The patient underwent a right great toe bone curettage with debridement. IV antibiotics were administered for 5 days, consisting of clindamycin 600 mg three times daily (Zen Pharma, India) and 3 g cefoperazone with sulbactam twice daily (Aqua Vitoe Laboratories, India). After debridement, lab results were HbA_1c 37 mmol/mol, Hb 8.19 mmol/1, WBC 6.9 × 10⁹/1, platelet count 134 × 10⁹/1, serum creatinine 88.4 µmol/1 and CRP 20 mg/1.

Once the wound showed no signs of infection, autologous PRFM therapy was initiated.

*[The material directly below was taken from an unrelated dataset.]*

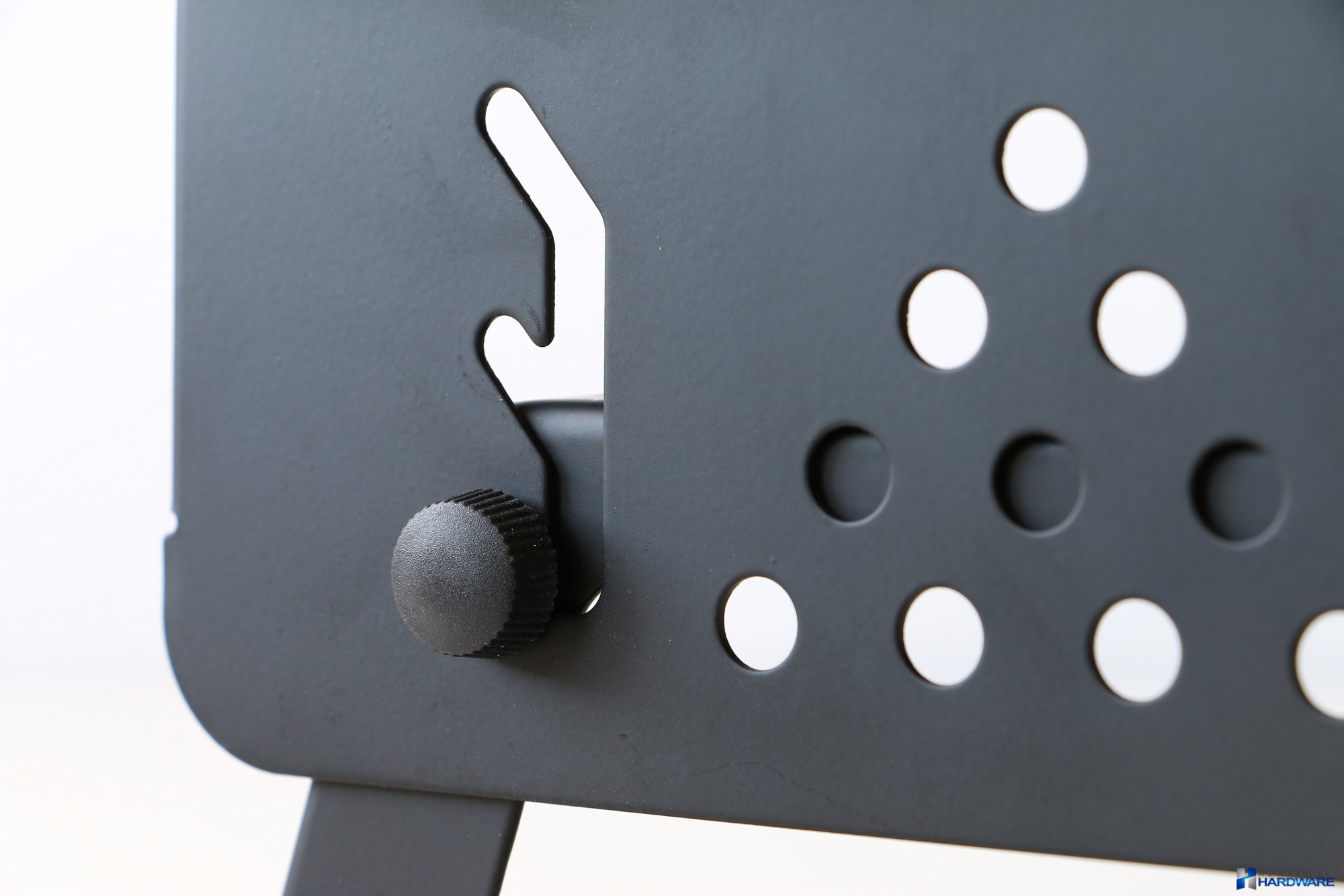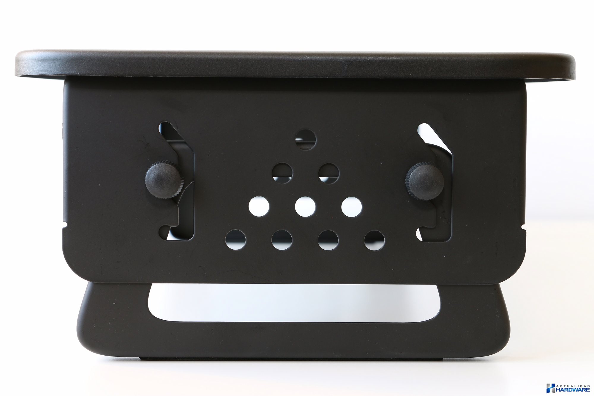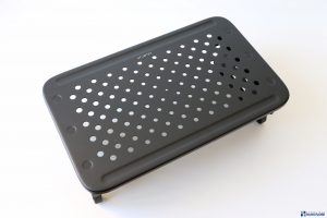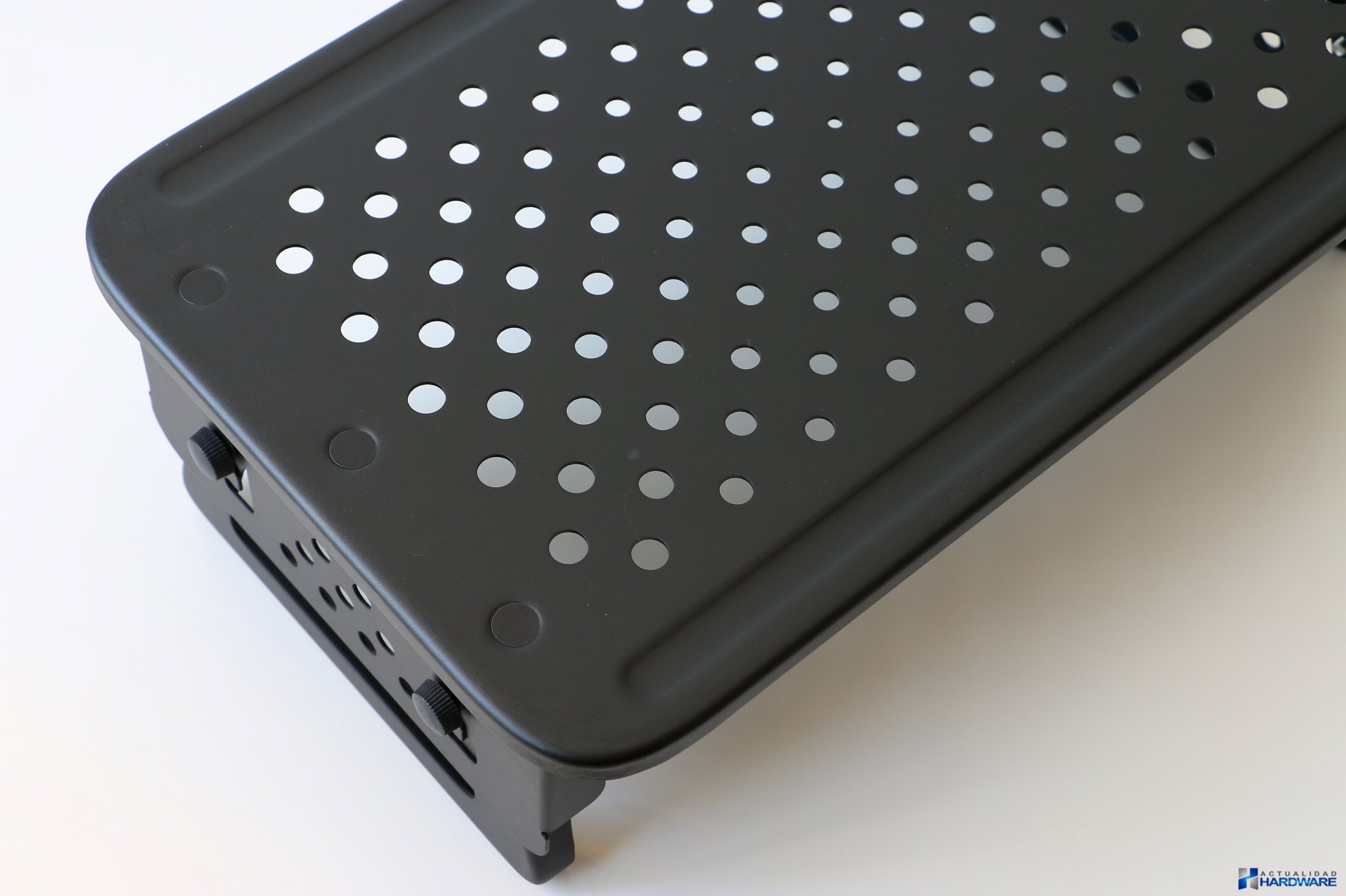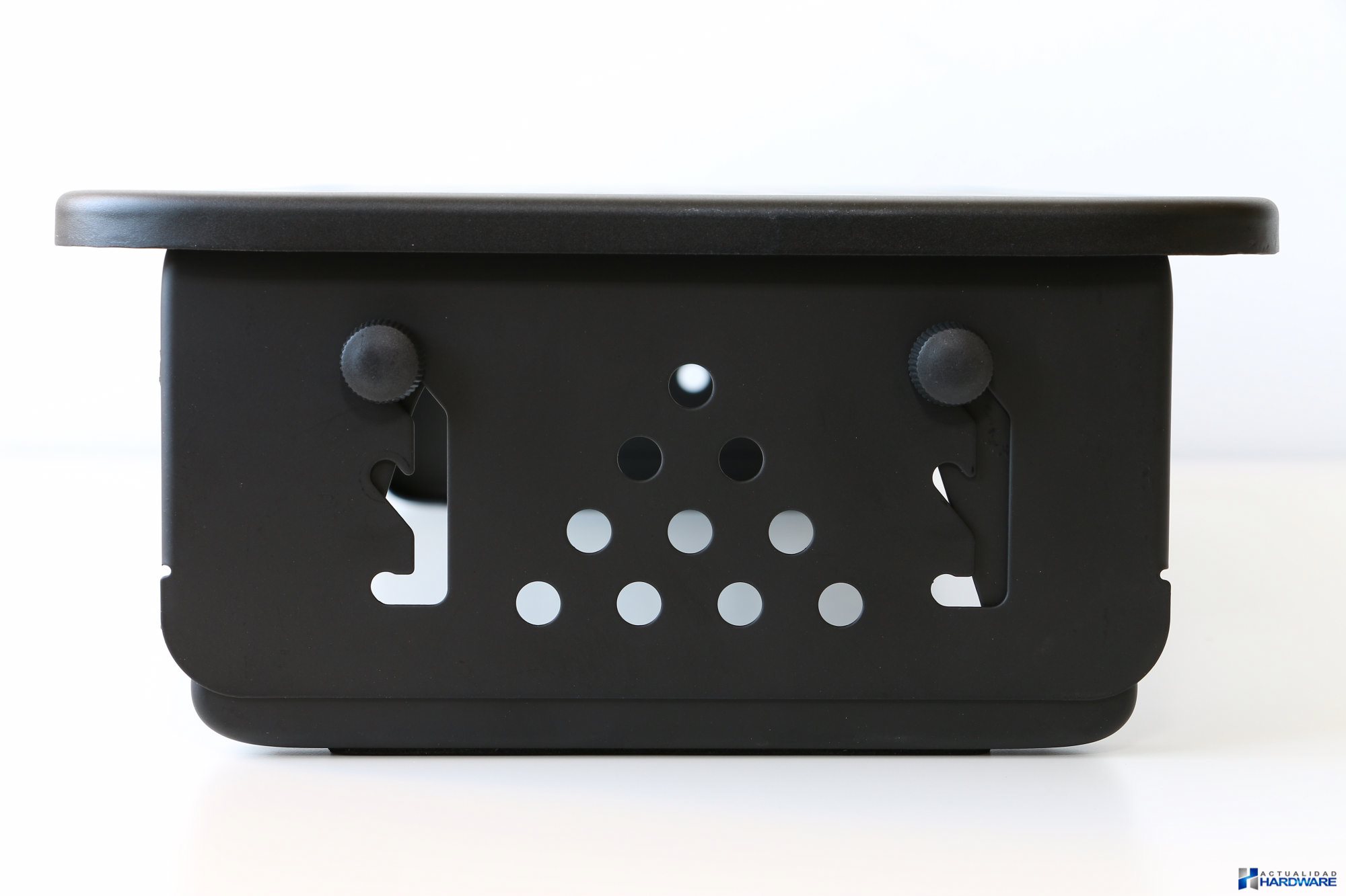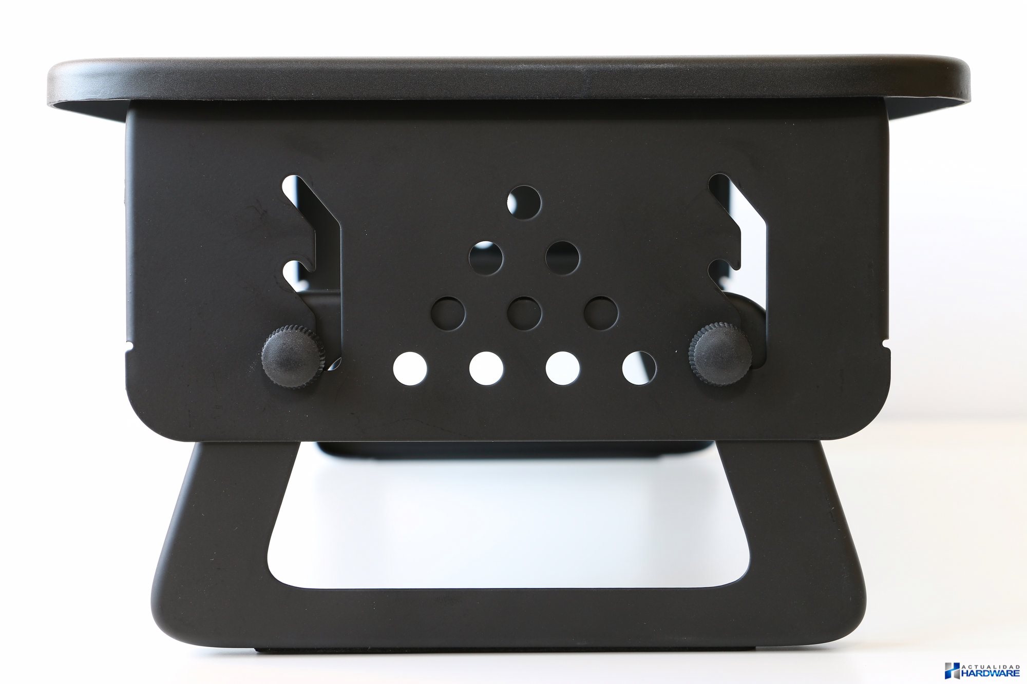 La base se encuentra perforada al igual que las patas, dichas perforaciones a la vez que reducen el peso del conjunto hace que la refrigeración mejore si colocamos un portátil sobre el mismo. El soporte es ajustable en tres alturas lo que nos permite colocarlo a nuestro gusto. Cuenta con unas dimensiones de 37x23x14cm y un peso de 2.2kg, siendo al mismo tiempo capaz de soporta hasta 16kg de peso.

By the third week, there was a significant improvement in wound healing, and complete healing was achieved by the fifth week [Figure 5].

Case 5

A 30-year-old man with T2D diagnosed 7 months earlier presented with a left foot abscess (Wagner grade 2) and a foreign body.

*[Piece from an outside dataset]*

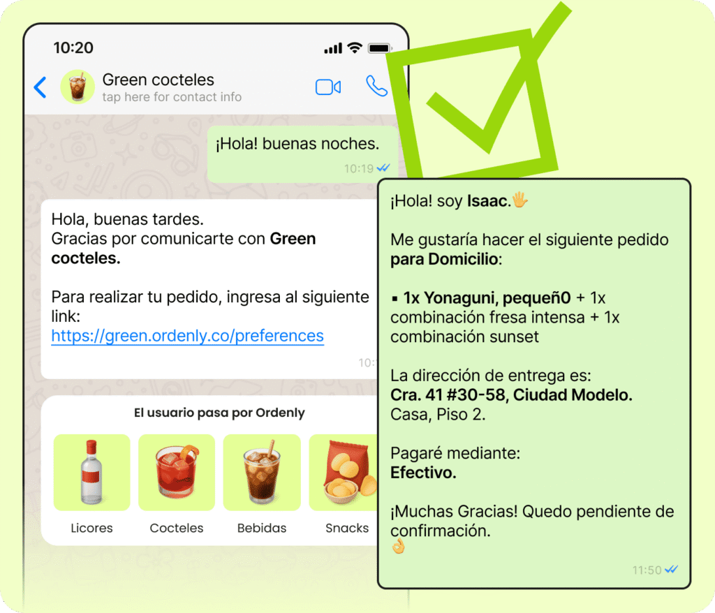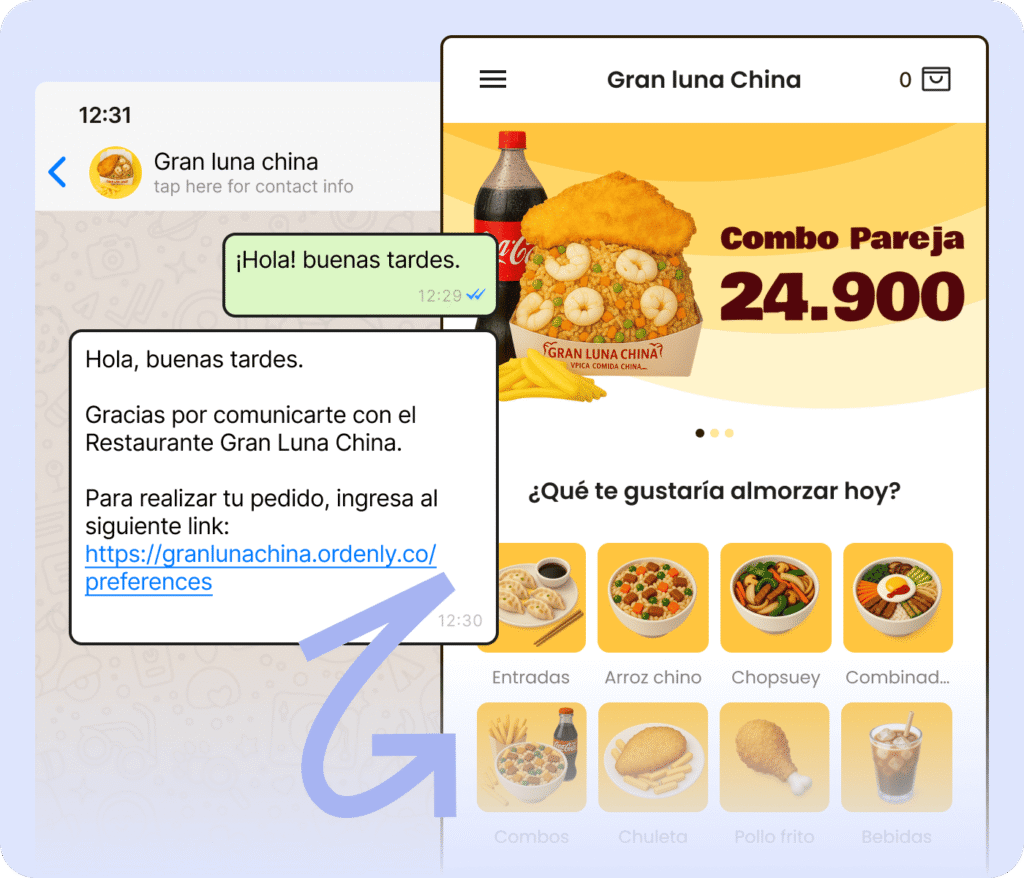 No necesitas plataformas nuevas, ni cambiar cómo gestionas pedidos. Ordenly se adapta a ti: montamos tu carta, la enlazamos a tu número y listo. Tus clientes ordenan, tú solo respondes por WhatsApp.

The patient underwent left foot wound debridement and the foreign body, a small piece of glass, was removed. IV antibiotics were administered – linezolid 600 mg twice daily (Pure and Cure Healthcare, India), clindamycin 600 mg three times daily (Zen Pharma, India) and cefoperazone with sulbactam 3 g twice daily (Aqua Vitoe Laboratories, India).

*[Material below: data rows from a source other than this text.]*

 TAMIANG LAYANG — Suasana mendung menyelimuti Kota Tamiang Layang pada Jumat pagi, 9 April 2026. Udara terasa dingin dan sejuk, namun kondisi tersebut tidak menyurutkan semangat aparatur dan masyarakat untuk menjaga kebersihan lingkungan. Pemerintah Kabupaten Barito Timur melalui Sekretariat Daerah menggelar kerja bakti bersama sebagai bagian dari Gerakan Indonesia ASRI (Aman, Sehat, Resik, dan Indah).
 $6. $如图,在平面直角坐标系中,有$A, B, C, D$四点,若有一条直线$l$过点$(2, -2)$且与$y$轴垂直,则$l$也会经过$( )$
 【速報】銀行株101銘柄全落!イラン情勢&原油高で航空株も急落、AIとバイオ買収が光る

At the time of debridement, lab results were HbA_1c 117 mmol/mol, Hb 9.9 mmol/, platelet count 250 × 10⁹/1, WBC 8.4 × 10⁹/1, serum creatinine 97.24 µmol/l and CRP 90mg/l.

Once the wound showed no signs of infection, autologous PRFM therapy was initiated. By the third week, a significant improvement in wound healing was observed, and complete healing was achieved by the fifth week [Figure 6].

Discussion

The pathophysiology of DFUs is influenced by three main factors: neuropathy, arterial occlusion and trauma leading to secondary infection (Bandyk, 2018). DFUs present a significant healthcare challenge due to their extended healing periods, which frequently result in severe complications (Caruso et al, 2020). A key factor contributing to this delayed healing is chronic inflammation, characterised by dysregulated levels of matrix metalloproteinases (MMPs) and their inhibitors, tissue inhibitors of MMPs (Kartika et al, 2021). Therefore, it is crucial to expedite the healing process to effectively treat DFUs and reduce the risk of amputation.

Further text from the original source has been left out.